*** PROVIDED MATERIAL ***

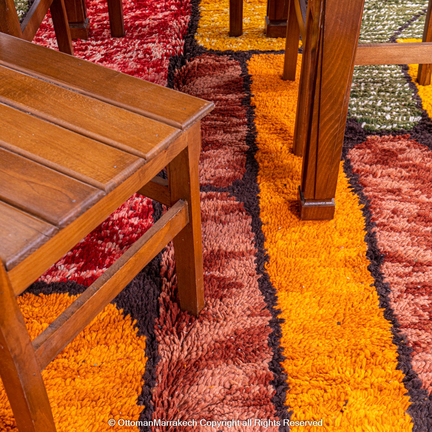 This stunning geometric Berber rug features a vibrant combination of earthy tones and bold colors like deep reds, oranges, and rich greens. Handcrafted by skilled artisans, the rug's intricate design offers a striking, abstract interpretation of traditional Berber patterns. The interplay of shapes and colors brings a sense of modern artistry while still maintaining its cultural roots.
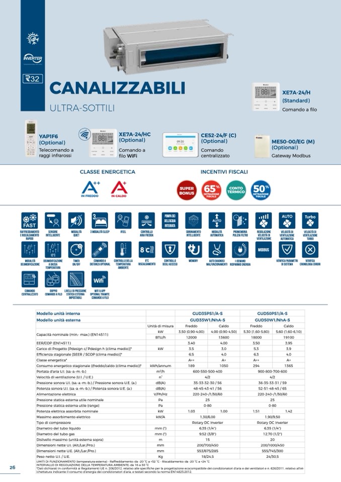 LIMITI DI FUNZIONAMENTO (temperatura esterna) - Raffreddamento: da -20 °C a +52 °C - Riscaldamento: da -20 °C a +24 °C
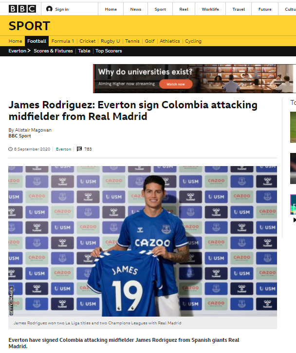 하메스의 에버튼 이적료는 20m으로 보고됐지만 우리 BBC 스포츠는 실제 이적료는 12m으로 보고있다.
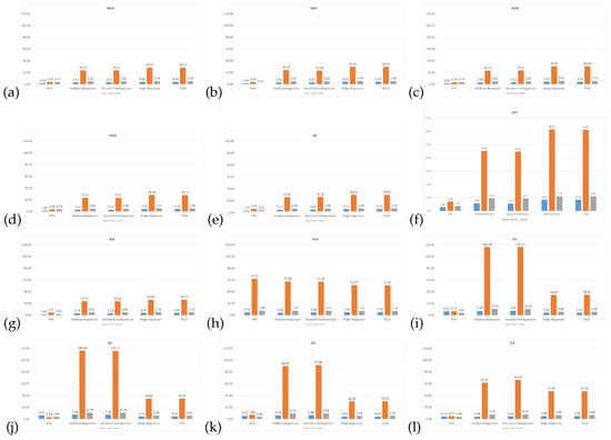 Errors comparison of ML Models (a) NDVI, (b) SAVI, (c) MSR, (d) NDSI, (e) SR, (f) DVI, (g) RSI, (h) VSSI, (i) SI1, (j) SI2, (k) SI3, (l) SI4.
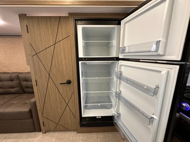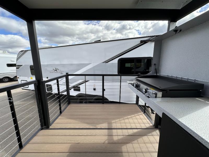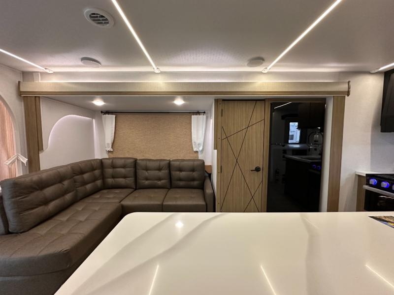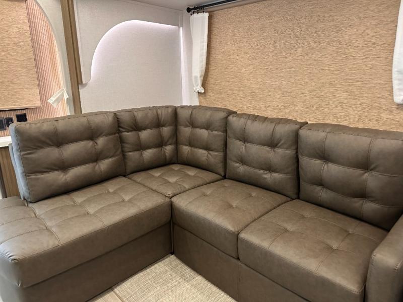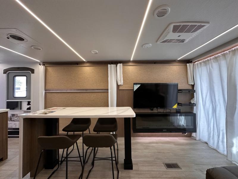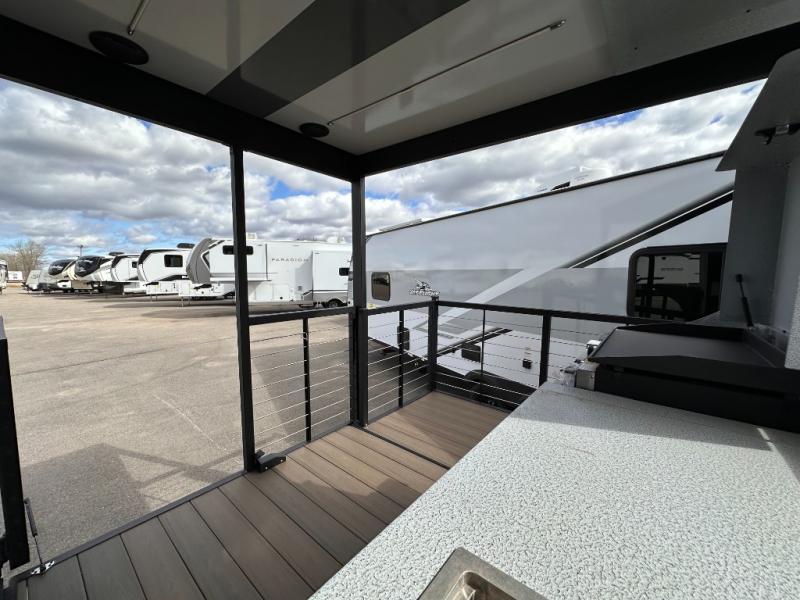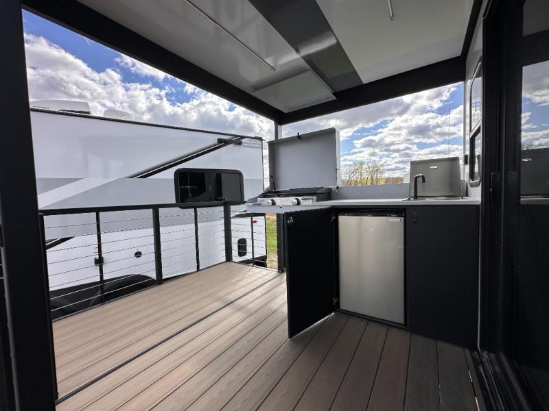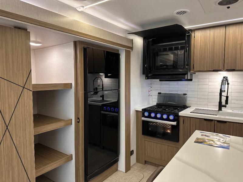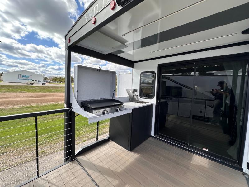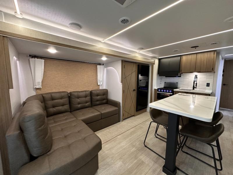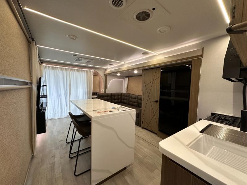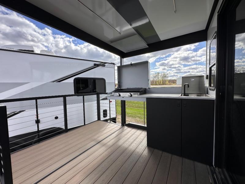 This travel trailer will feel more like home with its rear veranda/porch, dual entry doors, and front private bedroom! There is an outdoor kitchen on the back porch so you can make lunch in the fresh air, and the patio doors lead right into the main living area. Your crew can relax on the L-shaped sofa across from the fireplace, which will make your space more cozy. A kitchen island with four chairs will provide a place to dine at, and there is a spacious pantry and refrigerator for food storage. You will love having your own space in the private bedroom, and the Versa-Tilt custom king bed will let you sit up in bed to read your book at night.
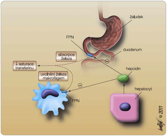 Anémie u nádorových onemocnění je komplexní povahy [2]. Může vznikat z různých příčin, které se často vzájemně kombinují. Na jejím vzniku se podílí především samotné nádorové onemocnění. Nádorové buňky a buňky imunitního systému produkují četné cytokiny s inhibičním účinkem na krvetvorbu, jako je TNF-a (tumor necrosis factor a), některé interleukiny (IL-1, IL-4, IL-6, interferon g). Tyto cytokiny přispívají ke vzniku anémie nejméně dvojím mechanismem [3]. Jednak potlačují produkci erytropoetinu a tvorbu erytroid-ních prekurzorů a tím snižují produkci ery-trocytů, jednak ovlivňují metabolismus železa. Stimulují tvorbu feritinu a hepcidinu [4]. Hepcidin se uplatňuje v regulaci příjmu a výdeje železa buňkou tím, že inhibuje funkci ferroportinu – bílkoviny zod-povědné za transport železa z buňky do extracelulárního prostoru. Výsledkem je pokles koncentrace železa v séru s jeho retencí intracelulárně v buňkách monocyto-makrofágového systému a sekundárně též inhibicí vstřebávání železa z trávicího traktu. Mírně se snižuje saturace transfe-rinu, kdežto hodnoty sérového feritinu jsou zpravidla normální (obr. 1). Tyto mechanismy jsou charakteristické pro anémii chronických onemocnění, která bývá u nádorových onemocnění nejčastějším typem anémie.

*** End of PROVIDED MATERIAL ***

▶ **YOUR ASSIGNMENT**: All that is needed is an exact copy of the lines from the top of the entries through the line containing "This travel trailer", pictures left out.

▶ **RESULT FOR THIS TASK**:
 This stunning geometric Berber rug features a vibrant combination of earthy tones and bold colors like deep reds, oranges, and rich greens. Handcrafted by skilled artisans, the rug's intricate design offers a striking, abstract interpretation of traditional Berber patterns. The interplay of shapes and colors brings a sense of modern artistry while still maintaining its cultural roots.
 LIMITI DI FUNZIONAMENTO (temperatura esterna) - Raffreddamento: da -20 °C a +52 °C - Riscaldamento: da -20 °C a +24 °C
 하메스의 에버튼 이적료는 20m으로 보고됐지만 우리 BBC 스포츠는 실제 이적료는 12m으로 보고있다.
 Errors comparison of ML Models (a) NDVI, (b) SAVI, (c) MSR, (d) NDSI, (e) SR, (f) DVI, (g) RSI, (h) VSSI, (i) SI1, (j) SI2, (k) SI3, (l) SI4.
 This travel trailer will feel more like home with its rear veranda/porch, dual entry doors, and front private bedroom! There is an outdoor kitchen on the back porch so you can make lunch in the fresh air, and the patio doors lead right into the main living area. Your crew can relax on the L-shaped sofa across from the fireplace, which will make your space more cozy. A kitchen island with four chairs will provide a place to dine at, and there is a spacious pantry and refrigerator for food storage. You will love having your own space in the private bedroom, and the Versa-Tilt custom king bed will let you sit up in bed to read your book at night.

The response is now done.